Every line below must be reproduced exactly; no pictures are to be included.

STORED DATA:

══════

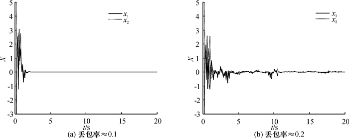 3 仿真研究 3.1 数值模型建立为了便于对比加入丢包算子之后的响应曲线,本文选择与文献[6]相同的数值模型,即线性化后的倒立摆简化的状态方程[11]:
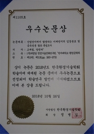 최근 고농도 미세먼지 발생으로 미세먼지에 대한 국민적 관심이 집중되고 있다. 이에 따라 시 환경정책과 공단환경관리팀에서는 2017년 시흥녹색환경지원센터 연구개발과제로 ‘시흥스마트허브 대기 중 중금속 물질거동 및 관리대책 방안 수립’을 제안하고, 시 관내 환경업체인 ㈜피엠알에서 수행했다. 그 결과를 토대로 작성된 논문이 지난 10월 26일 목포대에서 열린 한국환경기술학회 정기총회에서 한국환경기술학회 우수논문상을 수상했다.
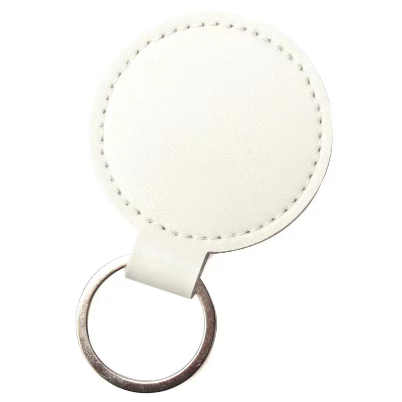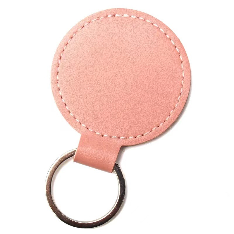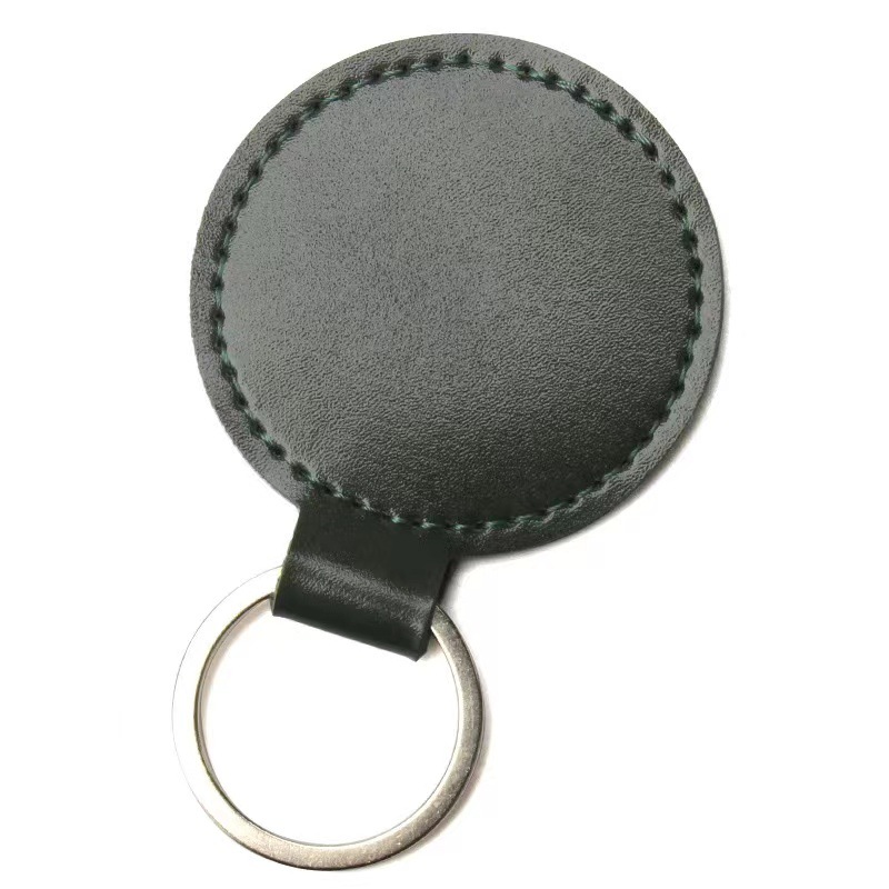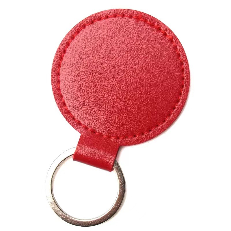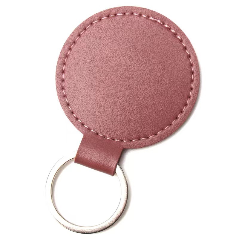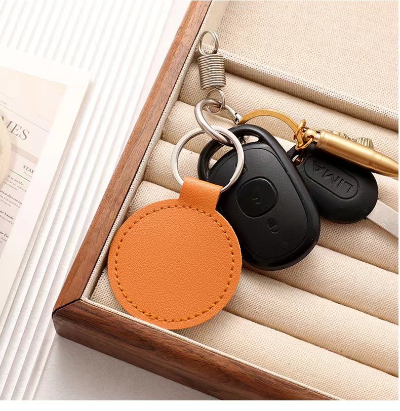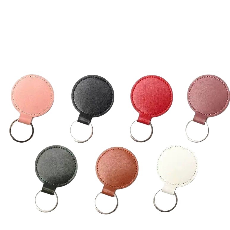 跨境钥匙扣创意LOGO装饰复古简约圆形皮革钥匙扣情侣汽车包包挂件

══════

ANSWER:
 3 仿真研究 3.1 数值模型建立为了便于对比加入丢包算子之后的响应曲线,本文选择与文献[6]相同的数值模型,即线性化后的倒立摆简化的状态方程[11]:
 최근 고농도 미세먼지 발생으로 미세먼지에 대한 국민적 관심이 집중되고 있다. 이에 따라 시 환경정책과 공단환경관리팀에서는 2017년 시흥녹색환경지원센터 연구개발과제로 ‘시흥스마트허브 대기 중 중금속 물질거동 및 관리대책 방안 수립’을 제안하고, 시 관내 환경업체인 ㈜피엠알에서 수행했다. 그 결과를 토대로 작성된 논문이 지난 10월 26일 목포대에서 열린 한국환경기술학회 정기총회에서 한국환경기술학회 우수논문상을 수상했다.
 跨境钥匙扣创意LOGO装饰复古简约圆形皮革钥匙扣情侣汽车包包挂件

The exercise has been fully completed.